Returns a query builder instance for NASA collections (datasets).

Returns:

Type Description
CollectionQuery

a query builder instance for data collections.

download(granules, local_path=None, provider=None, threads=8, *, show_progress=None, credentials_endpoint=None, pqdm_kwargs=None, force=False)

Retrieves data granules from a remote storage system. Provide the optional local_path argument to prevent repeated downloads.

  • If we run this in the cloud, we will be using S3 to move data to local_path.
  • If we run it outside AWS (us-west-2 region) and the dataset is cloud hosted, we'll use HTTP links.

Parameters:

Name Type Description Default
granules Union[DataGranule, List[DataGranule], str, List[str]]

a granule, list of granules, a granule link (HTTP), or a list of granule links (HTTP)

required
local_path Optional[Union[Path, str]]

Local directory to store the remote data granules. If not supplied, defaults to a subdirectory of the current working directory of the form data/YYYY-MM-DD-UUID, where YYYY-MM-DD is the year, month, and day of the current date, and UUID is the last 6 digits of a UUID4 value.

None
provider Optional[str]

if we download a list of URLs, we need to specify the provider.

None
credentials_endpoint Optional[str]

S3 credentials endpoint to be used for obtaining temporary S3 credentials. This is only required if the metadata doesn't include it, or we pass urls to the method instead of DataGranule instances.

None
threads int

parallel number of threads to use to download the files, adjust as necessary, default = 8

8
show_progress Optional[bool]

whether or not to display a progress bar. If not specified, defaults to True for interactive sessions (i.e., in a notebook or a python REPL session), otherwise False.

None
pqdm_kwargs Optional[Mapping[str, Any]]

Additional keyword arguments to pass to pqdm, a parallel processing library. See pqdm documentation for available options. Default is to use immediate exception behavior and the number of jobs specified by the threads parameter.

None
force bool

Force a redownload. By default, existing local files are not overwritten.

False

Returns:

Type Description
List[Path]

List of downloaded files

Raises:

Type Description
Exception

A file download failed.

get_edl_token()

Returns the current token used for EDL.

Returns:

Type Description
str

EDL token

get_fsspec_https_session()

Returns a fsspec session that can be used to access datafiles across many different DAACs.

Returns:

Type Description
AbstractFileSystem

An fsspec instance able to access data across DAACs.

Examples:

import earthaccess

earthaccess.login()
fs = earthaccess.get_fsspec_https_session()
with fs.open(DAAC_GRANULE) as f:
    f.read(10)

get_requests_https_session()

Returns a requests Session instance with an authorized bearer token. This is useful for making requests to restricted URLs, such as data granules or services that require authentication with NASA EDL.

Returns:

Type Description
Session

An authenticated requests Session instance.

Examples:

import earthaccess

earthaccess.login()

req_session = earthaccess.get_requests_https_session()
data = req_session.get(granule_url, headers = {"Range": "bytes=0-100"})

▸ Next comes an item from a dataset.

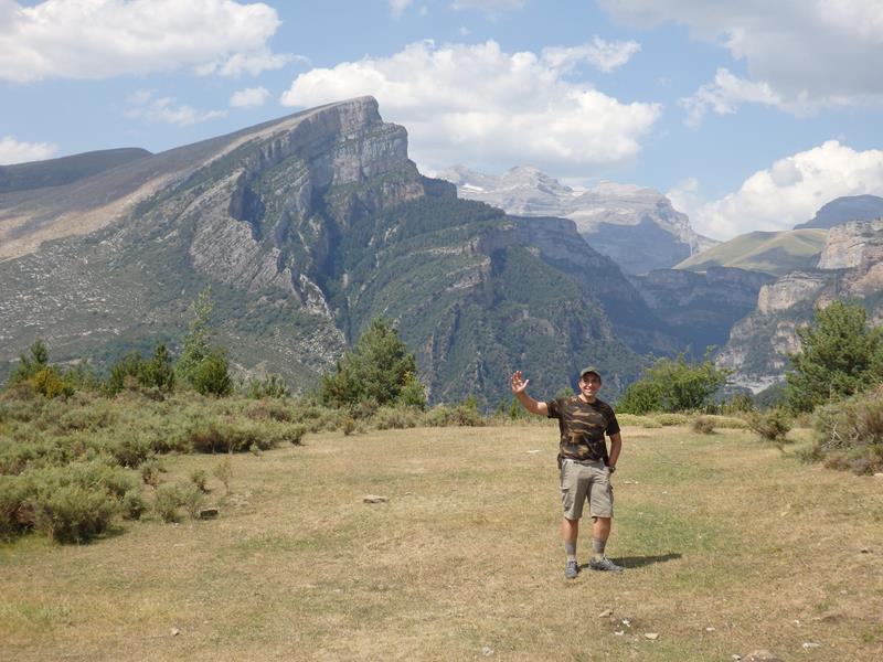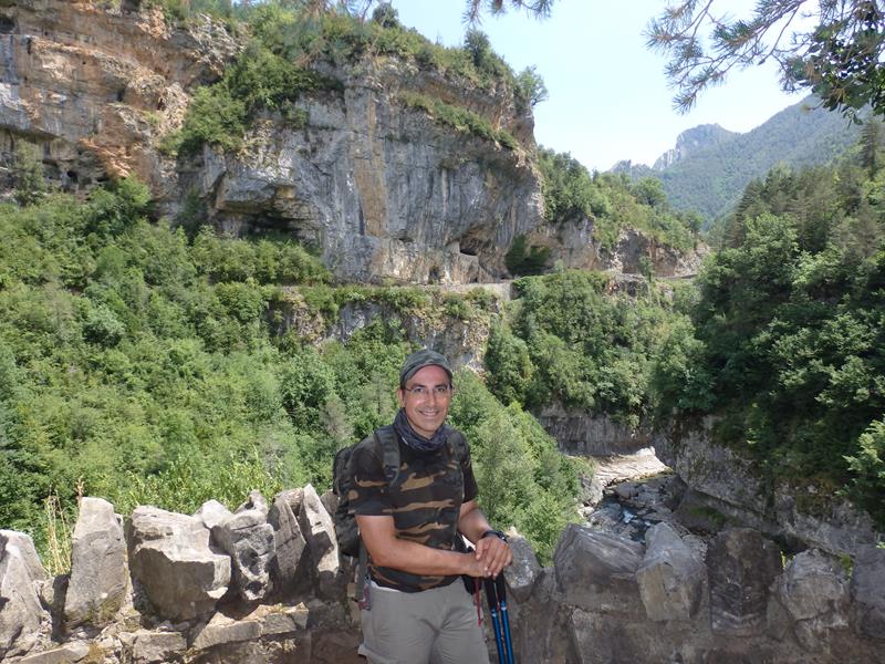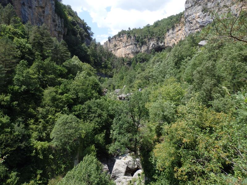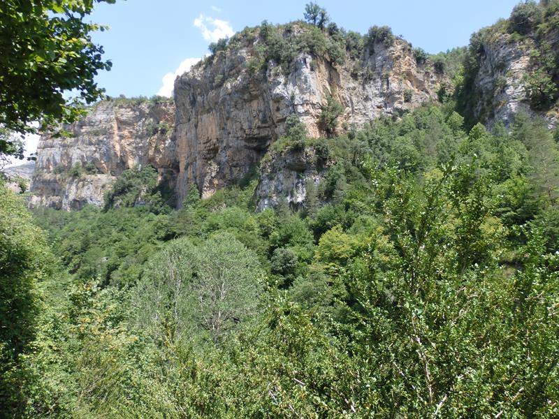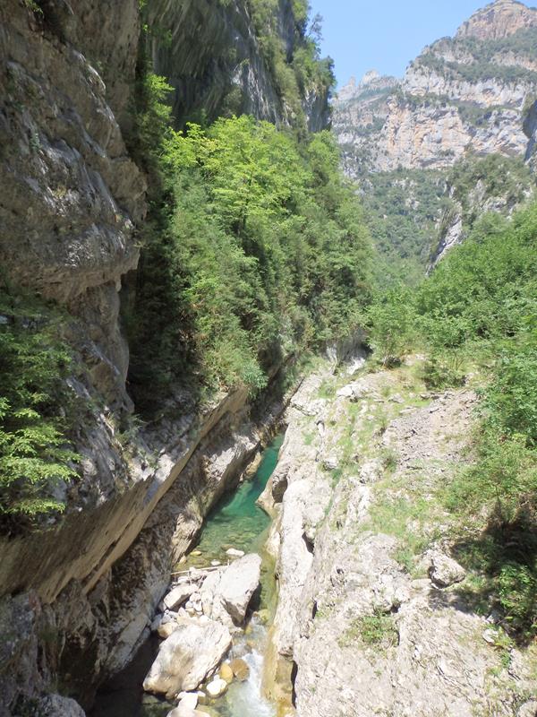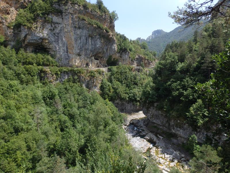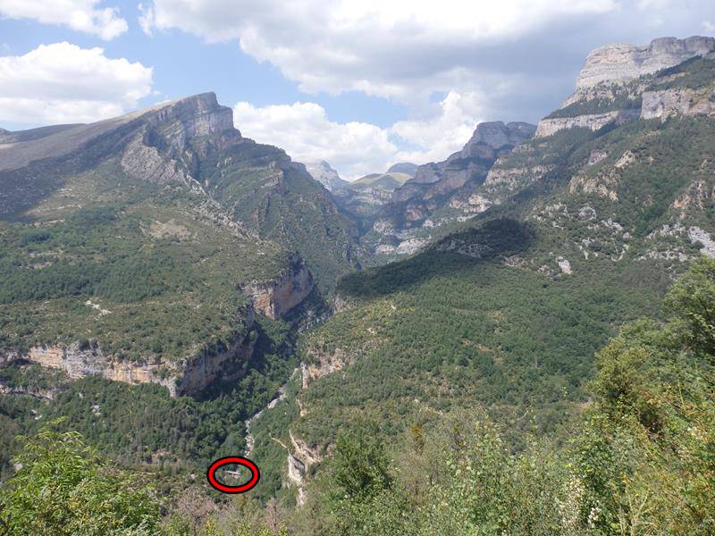 En el horizonte, al fondo, se aprecia el Collado de Añisclo (2.453 m) y claramente también los tres picos que sobresalen, todos tresmiles, Monte Perdido (3.355m),Pico Añisclo o Soum de Ramond (3.263 m) , y Punta de las Olas (3.002 m). A la derecha se ven los Sestrales, (el alto 2.101m y el bajo 2.074 m) , y al fondo a la derecha las Tres Marías (La Suca de 2.807m, La María Occidental de 2.780m, y la María Central de 2.753m). La visión es impresionante. En este momento me doy cuenta de que ni siquiera he pisado la punta del iceberg, pues toda la profundidad del Cañón de Añisclo me espera para próximas excursiones, sólo he picoteado el principio y me ha parecido imponente. No quiero ni pensar lo impactante que será ir más allá.

get_s3_credentials(daac=None, provider=None, results=None)

Returns temporary (1 hour) credentials for direct access to NASA S3 buckets. We can use the daac name, the provider, or a list of results from earthaccess.search_data(). If we use results, earthaccess will use the metadata on the response to get the credentials, which is useful for missions that do not use the same endpoint as their DAACs, e.g. SWOT.

Parameters:

Name Type Description Default
daac Optional[str]

a DAAC short_name like NSIDC or PODAAC, etc.

None
provider Optional[str]

if we know the provider for the DAAC, e.g. POCLOUD, LPCLOUD etc.

None
results Optional[List[DataGranule]]

List of results from search_data()

None

Returns:

Type Description
Dict[str, Any]

a dictionary with S3 credentials for the DAAC or provider

get_s3_filesystem(daac=None, provider=None, results=None, endpoint=None)

Return an s3fs.S3FileSystem for direct access when running within the AWS us-west-2 region.

Parameters:

Name Type Description Default
daac Optional[str]

Any DAAC short name e.g. NSIDC, GES_DISC

None
provider Optional[str]

Each DAAC can have a cloud provider. If the DAAC is specified, there is no need to use provider.

None
results Optional[DataGranule]

A list of results from search_data(). earthaccess will use the metadata from CMR to obtain the S3 Endpoint.

None
endpoint Optional[str]

URL of a cloud provider credentials endpoint to be used for obtaining AWS S3 access credentials.

None

Returns:

Type Description
S3FileSystem

An authenticated s3fs session valid for 1 hour.

get_s3fs_session(daac=None, provider=None, results=None)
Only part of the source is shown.